A resposta a essas perguntas não minimiza os crimes
eventualmente cometidos pelas empreiteiras; apenas os define segundo a sua
natureza, não segundo a natureza de uma tese que, por enquanto, vai absolvendo
os criminosos que realmente tinham, se me permitem a licença, o domínio do fato
político.
Se não acredito que uma empresa possa ter como
propósito e modelo de negócio o cometimento de ilícitos — a menos que seja um
tentáculo do crime organizado —, acredito, no entanto, agora sim, que uma
estrutura criminosa possa se assenhorear do poder e, então, impor seus hábitos,
suas regras, suas leis. Se não há um estado criminoso do outro lado do balcão,
ele próprio vai criar as defesas contra eventuais práticas deletérias dos
agentes privados. E puni-las exemplarmente quando houver.
Em vez de eu ouvir o Ministério Público a dizer que
uma empreiteira fez do crime o seu modelo de negócio, gostaria de ouvi-lo a
anunciar aquilo que, parece-me, evidenciam os fatos: um grupo político fez do
crime o seu modelo de conquista do estado. Aí sim! Por enquanto, os agentes
desse delito de lesa-pátria estão por aí… E essa é a minha principal
restrição à forma que tomou a Lava Jato.
Há um risco nada desprezível de que se chegue à
constatação, ao fim da operação, de que agentes privados, tomados pela sanha do
lucro a qualquer custo, corromperam um estado originalmente ético e de que esse
estado será tanto mais ético quanto menos relações mantiver com entes privados.

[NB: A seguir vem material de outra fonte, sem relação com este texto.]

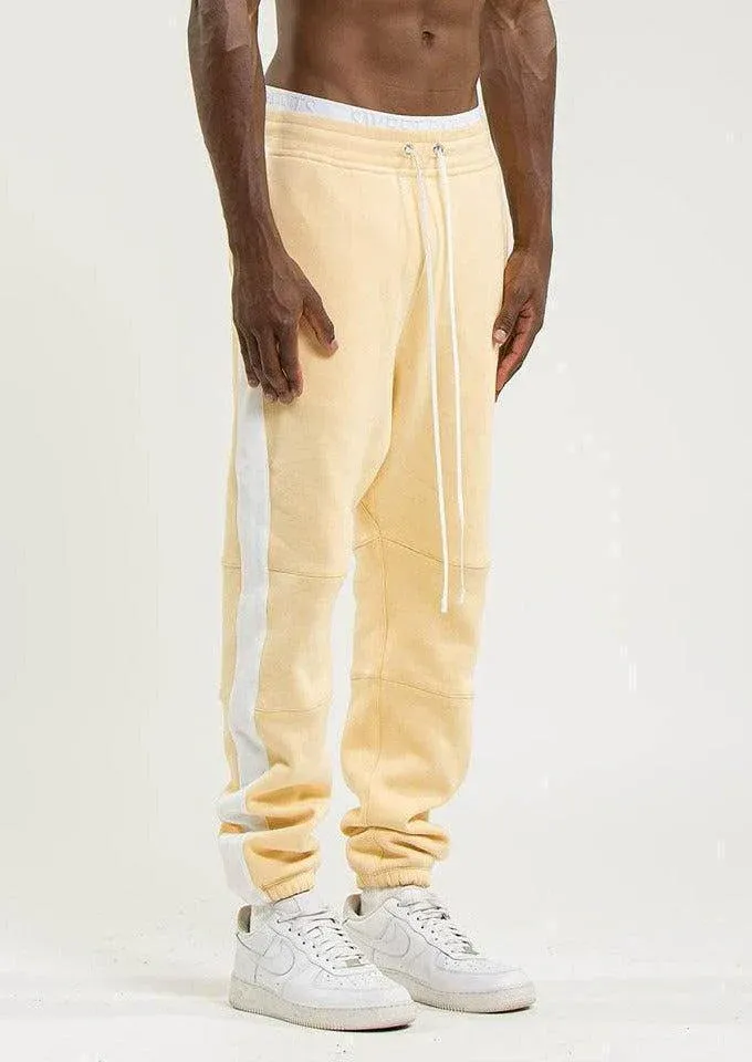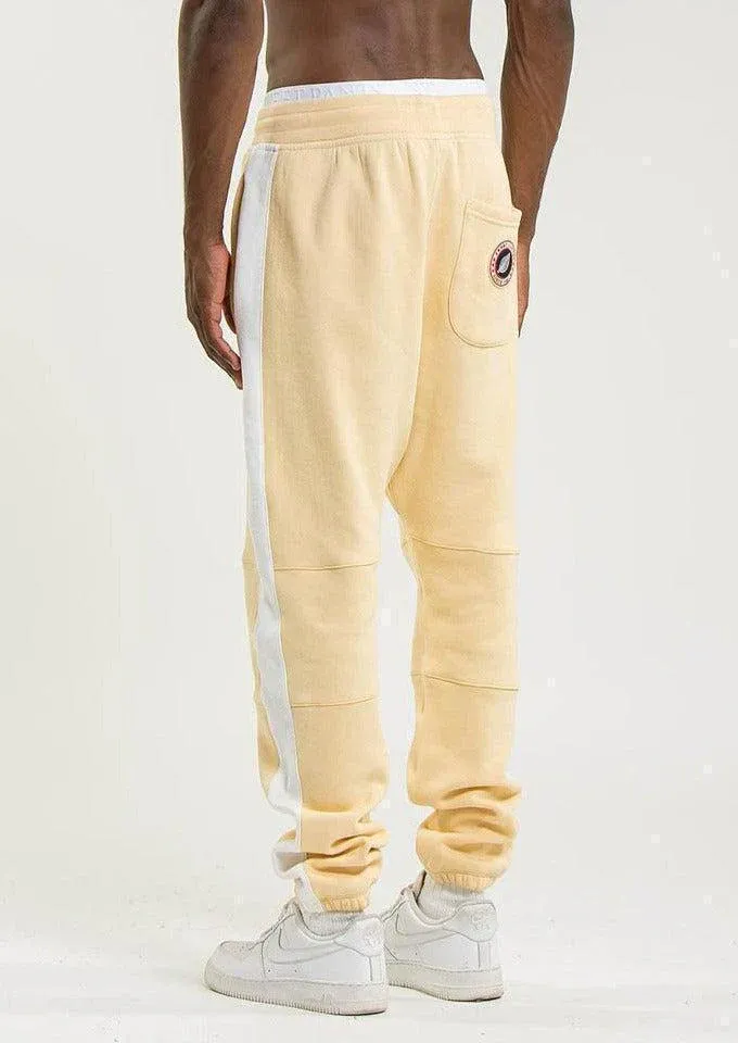 Jogging Home Run de couleur ocre, droit avec un élastique au bas et une bande blanche sur le côté.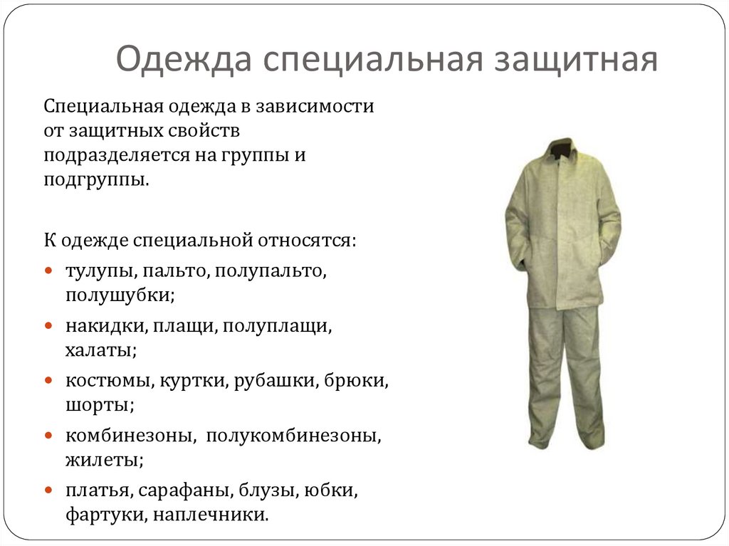 Одежда специальная защитнаяСпециальная одежда в зависимости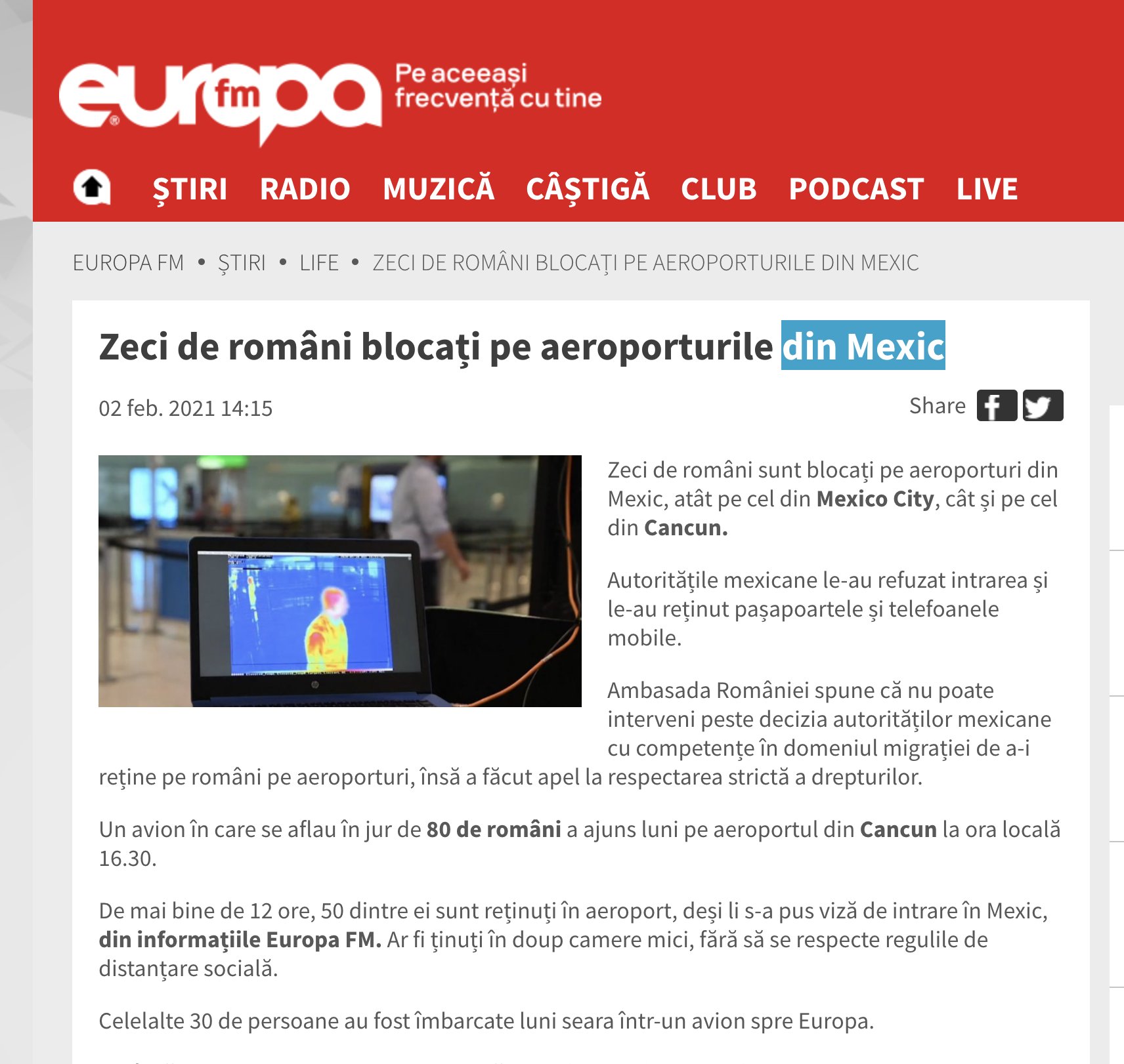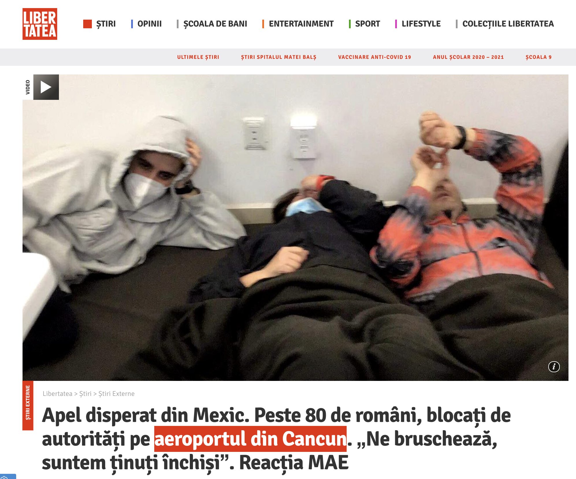 Esta noticia llamó la atención a medios de Rumania, quienes aseguraron que durante tres días estuvieron durmiendo en las instalaciones del aeropuerto de Cancún sin las medidas de seguridad e higiene y distanciamiento social por la pandemia.

Se triunfar essa versão, estaremos apenas preparando as condições para os
desastres futuros.
É evidente que um liberal ou um conservador com um
mínimo de respeito à história do pensamento não pode ficar satisfeito com essa
perspectiva. Por enquanto, os que cometeram crimes contra a democracia
brasileira estão distantes da cadeia e dos tribunais. Quando é que a Operação
Lava Jato vai alcançá-los, Rodrigo Janot?"